WHAT YOU SHOULD DO
What you return should be every line below, word for word, and none of the images.

RECORDED INFORMATION
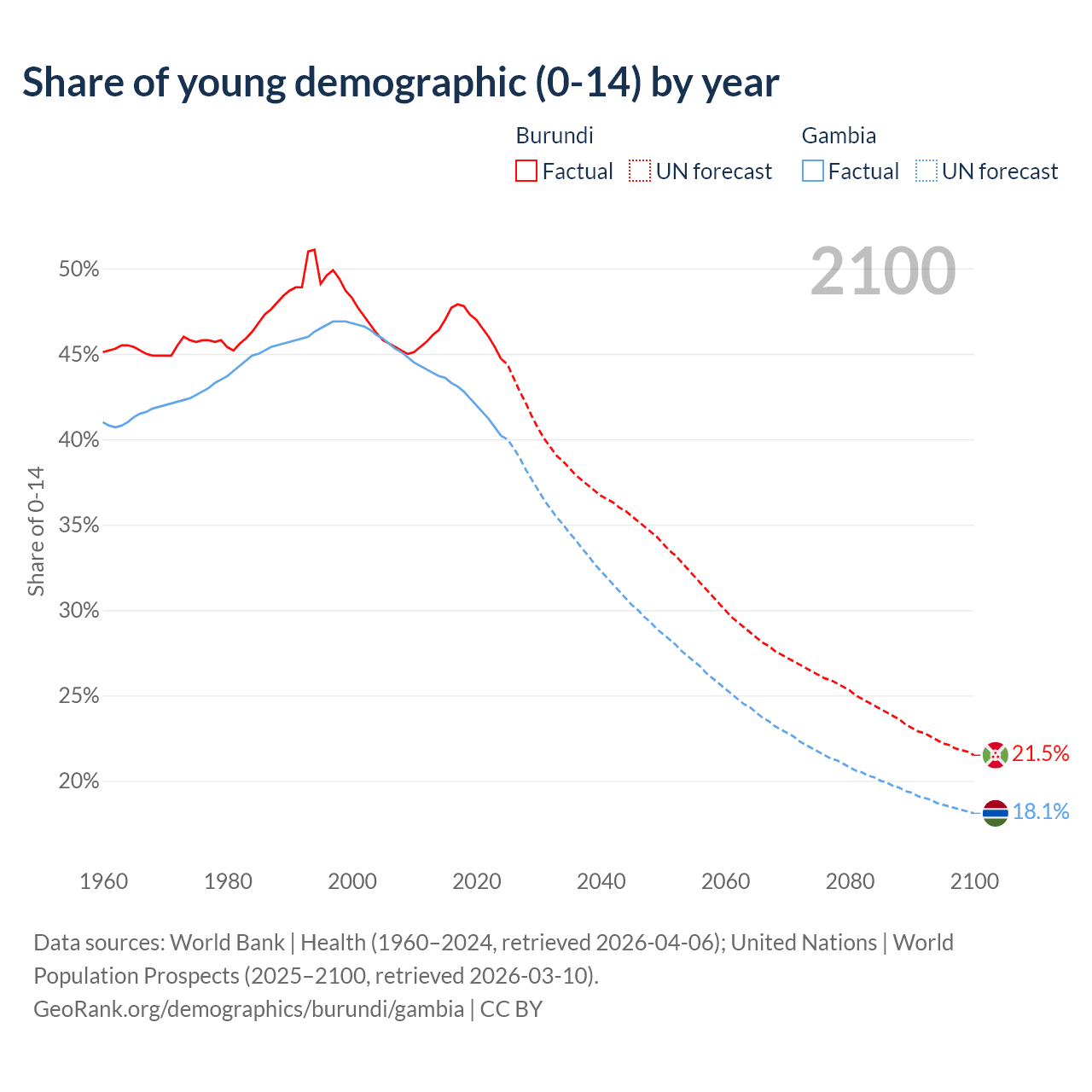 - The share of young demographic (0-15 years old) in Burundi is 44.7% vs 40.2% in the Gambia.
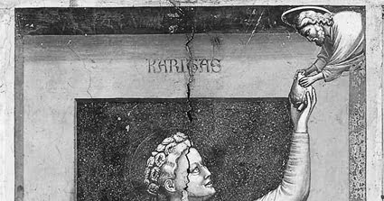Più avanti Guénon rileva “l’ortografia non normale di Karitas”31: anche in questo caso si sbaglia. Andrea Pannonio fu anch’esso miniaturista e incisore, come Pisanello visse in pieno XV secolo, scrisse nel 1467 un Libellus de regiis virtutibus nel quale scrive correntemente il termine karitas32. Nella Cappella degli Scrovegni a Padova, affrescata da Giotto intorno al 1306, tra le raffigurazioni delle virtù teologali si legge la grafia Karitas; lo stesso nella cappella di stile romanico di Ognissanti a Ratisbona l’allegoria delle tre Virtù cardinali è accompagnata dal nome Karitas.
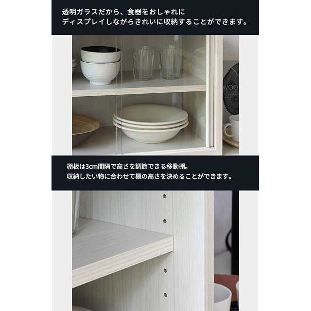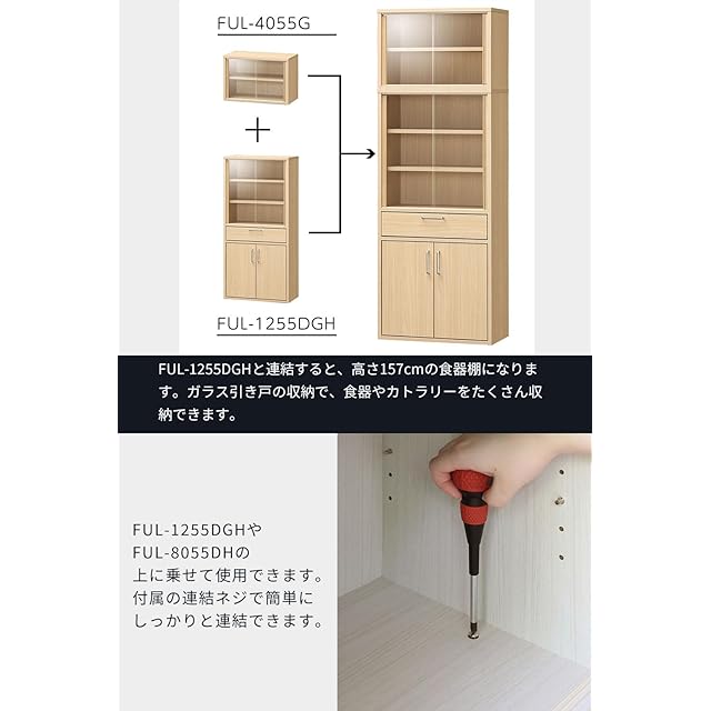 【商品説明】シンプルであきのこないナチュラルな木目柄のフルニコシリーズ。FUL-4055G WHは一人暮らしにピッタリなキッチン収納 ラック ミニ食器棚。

SOLVED EXERCISE
 - The share of young demographic (0-15 years old) in Burundi is 44.7% vs 40.2% in the Gambia.
Più avanti Guénon rileva “l’ortografia non normale di Karitas”31: anche in questo caso si sbaglia. Andrea Pannonio fu anch’esso miniaturista e incisore, come Pisanello visse in pieno XV secolo, scrisse nel 1467 un Libellus de regiis virtutibus nel quale scrive correntemente il termine karitas32. Nella Cappella degli Scrovegni a Padova, affrescata da Giotto intorno al 1306, tra le raffigurazioni delle virtù teologali si legge la grafia Karitas; lo stesso nella cappella di stile romanico di Ognissanti a Ratisbona l’allegoria delle tre Virtù cardinali è accompagnata dal nome Karitas.
 【商品説明】シンプルであきのこないナチュラルな木目柄のフルニコシリーズ。FUL-4055G WHは一人暮らしにピッタリなキッチン収納 ラック ミニ食器棚。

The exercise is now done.